§ Your assignment:
Pictures excluded, output exactly the lines from the one containing "我们不妨就以 2018 这个数字为引,为大家讲解一下如何利用" through the last line of the listing below.

§ Data section:
=-=-=-=-=

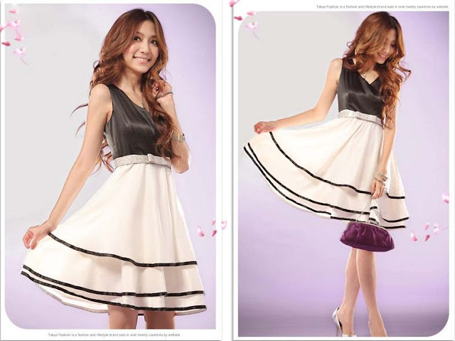 YE 0111 (9128)韩版甜美绸缎滚边裙
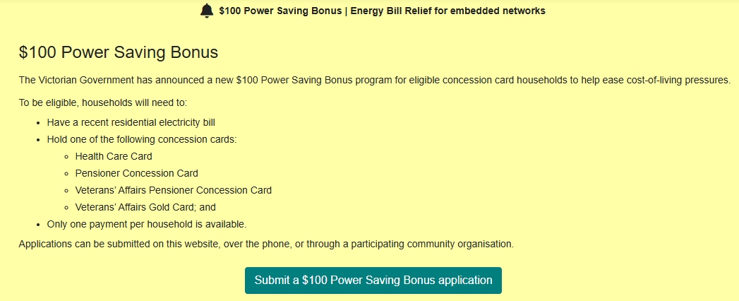 维多利亚州政府宣布了一项新的100澳元的节电奖励计划,以帮助符合条件的特许卡家庭减轻生活成本压力。
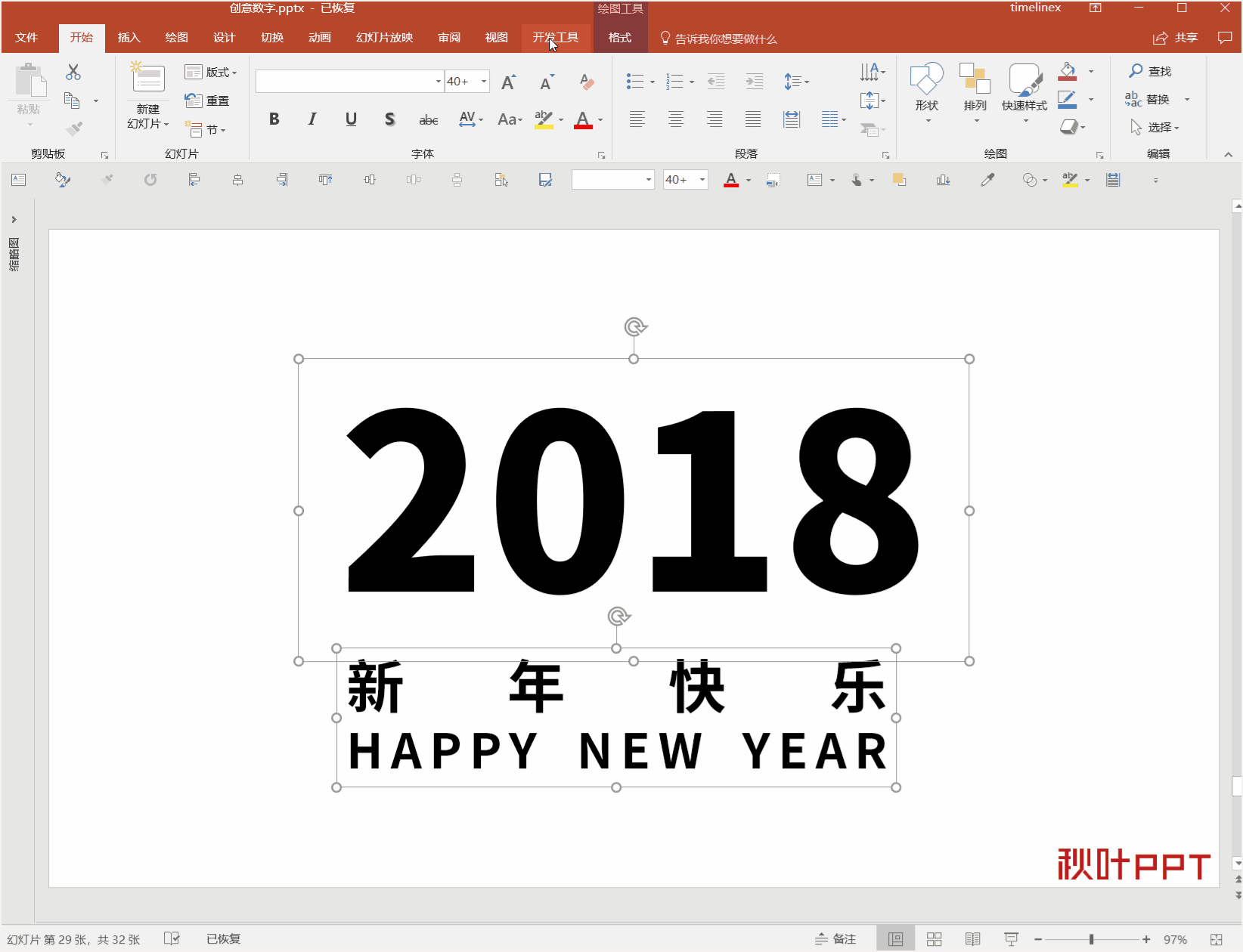 我们不妨就以 2018 这个数字为引,为大家讲解一下如何利用 PPT 软件自带的功能制作出高大上的文字效果。
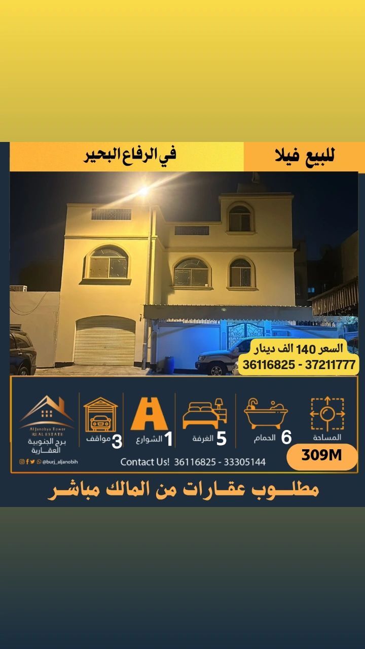 For sale: a house in Riffa Al-Bahir. Note: only for original Bahrainis. 5 bedrooms, 6 bathrooms, two halls, a large kitchen, front and back doors, a garage for 3 cars, a courtyard. Area: 309 square meters. Price: 140,000 BHD, negotiable for serious buyers.

=-=-=-=-=

§ Exercise answer:
 我们不妨就以 2018 这个数字为引,为大家讲解一下如何利用 PPT 软件自带的功能制作出高大上的文字效果。
 For sale: a house in Riffa Al-Bahir. Note: only for original Bahrainis. 5 bedrooms, 6 bathrooms, two halls, a large kitchen, front and back doors, a garage for 3 cars, a courtyard. Area: 309 square meters. Price: 140,000 BHD, negotiable for serious buyers.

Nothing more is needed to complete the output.